━━━━━ Dataset excerpts

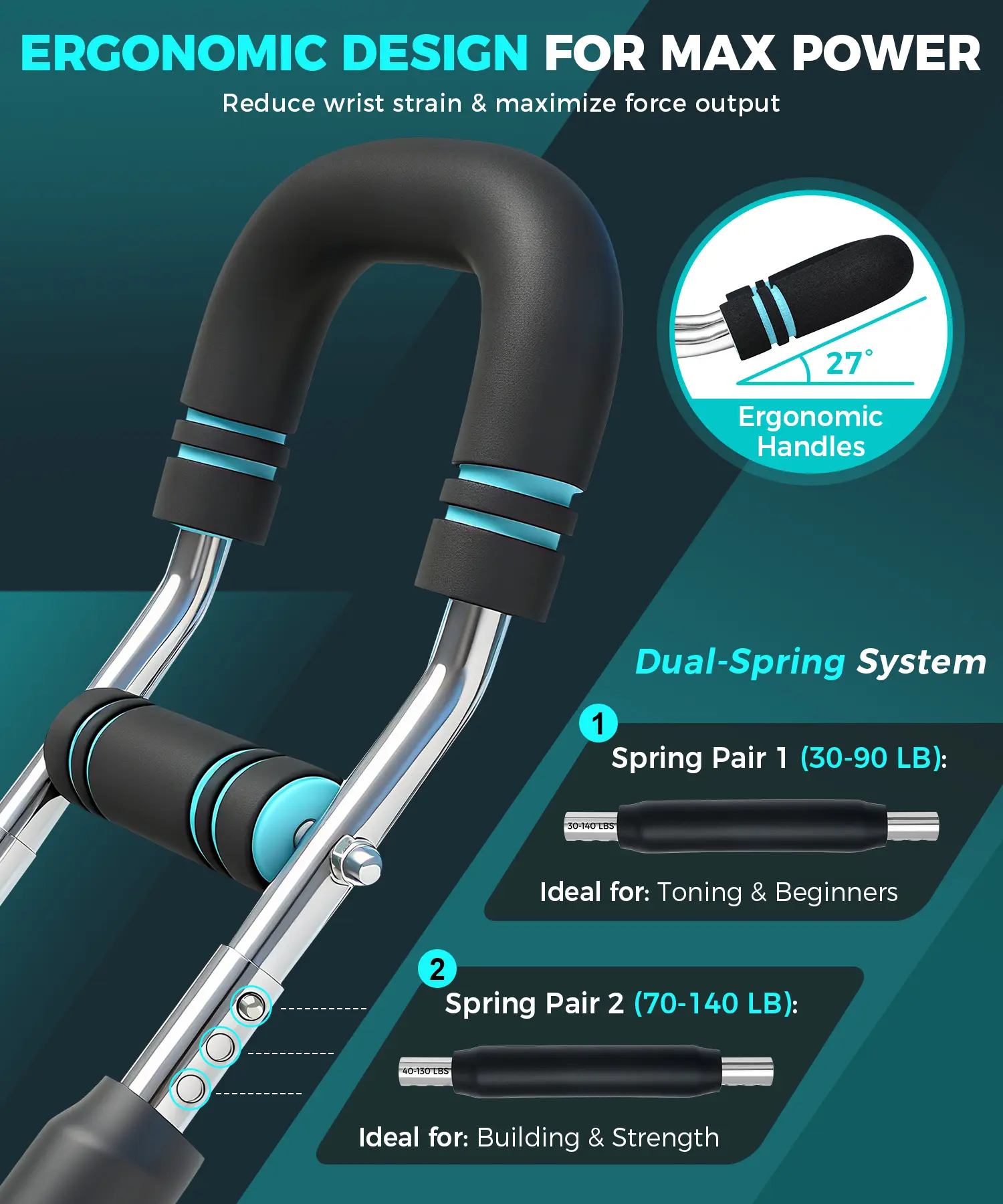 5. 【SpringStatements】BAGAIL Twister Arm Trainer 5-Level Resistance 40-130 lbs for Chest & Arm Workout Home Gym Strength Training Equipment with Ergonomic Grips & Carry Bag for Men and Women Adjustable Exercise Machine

━━━━━━━━━━
━━━━━ Dataset excerpts

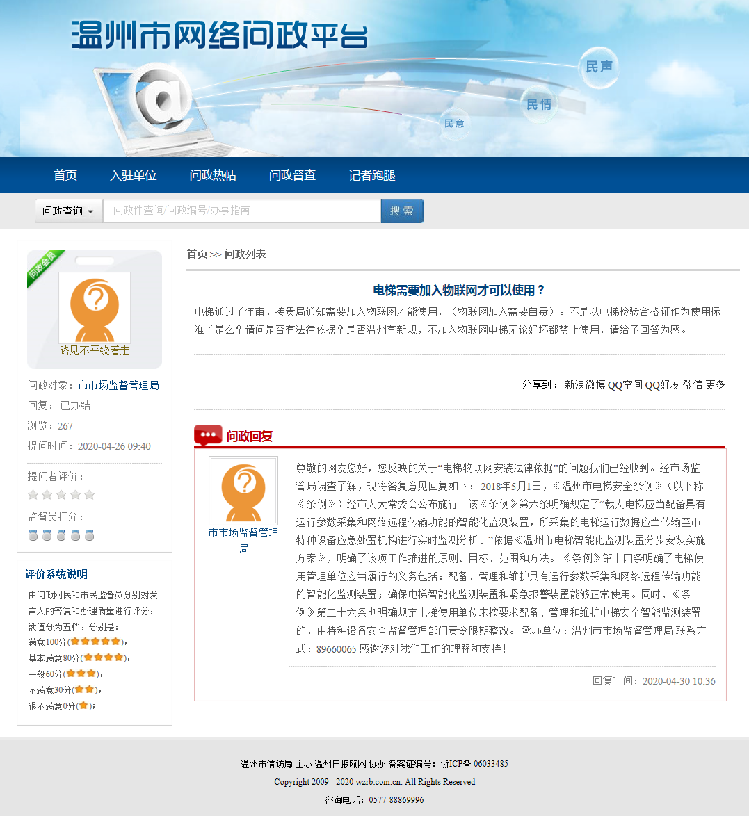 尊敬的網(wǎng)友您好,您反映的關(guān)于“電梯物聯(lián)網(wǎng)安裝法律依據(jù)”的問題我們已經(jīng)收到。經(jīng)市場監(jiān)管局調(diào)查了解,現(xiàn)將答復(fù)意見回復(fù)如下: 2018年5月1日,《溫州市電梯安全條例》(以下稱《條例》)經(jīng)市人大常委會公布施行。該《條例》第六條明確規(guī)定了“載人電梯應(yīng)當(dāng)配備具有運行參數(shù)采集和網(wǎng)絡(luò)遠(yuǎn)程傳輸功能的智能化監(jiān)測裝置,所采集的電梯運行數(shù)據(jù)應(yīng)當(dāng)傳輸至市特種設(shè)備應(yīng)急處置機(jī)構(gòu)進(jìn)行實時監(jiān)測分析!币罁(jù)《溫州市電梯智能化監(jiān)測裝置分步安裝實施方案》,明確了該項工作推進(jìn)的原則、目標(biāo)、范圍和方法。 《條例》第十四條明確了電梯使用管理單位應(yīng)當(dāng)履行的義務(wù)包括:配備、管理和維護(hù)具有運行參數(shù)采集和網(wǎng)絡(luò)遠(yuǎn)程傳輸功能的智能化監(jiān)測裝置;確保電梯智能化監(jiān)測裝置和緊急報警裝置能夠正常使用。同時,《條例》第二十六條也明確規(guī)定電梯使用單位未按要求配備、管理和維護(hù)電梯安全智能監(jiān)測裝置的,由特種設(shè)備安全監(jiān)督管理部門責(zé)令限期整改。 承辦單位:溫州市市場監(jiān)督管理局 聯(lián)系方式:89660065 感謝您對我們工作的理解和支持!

━━━━━━━━━━
━━━━━ Dataset excerpts

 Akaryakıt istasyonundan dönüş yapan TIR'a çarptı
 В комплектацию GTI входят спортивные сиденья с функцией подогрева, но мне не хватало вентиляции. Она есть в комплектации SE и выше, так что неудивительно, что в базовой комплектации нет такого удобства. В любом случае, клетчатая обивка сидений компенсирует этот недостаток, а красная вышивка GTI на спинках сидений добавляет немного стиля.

━━━━━━━━━━

Prompt: Working from the material above, retype exactly the lines from the one with "Akaryakıt istasyonundan dönüş" through the one with "В комплектацию GTI", both included, and only those lines.

Solution:
 Akaryakıt istasyonundan dönüş yapan TIR'a çarptı
 В комплектацию GTI входят спортивные сиденья с функцией подогрева, но мне не хватало вентиляции. Она есть в комплектации SE и выше, так что неудивительно, что в базовой комплектации нет такого удобства. В любом случае, клетчатая обивка сидений компенсирует этот недостаток, а красная вышивка GTI на спинках сидений добавляет немного стиля.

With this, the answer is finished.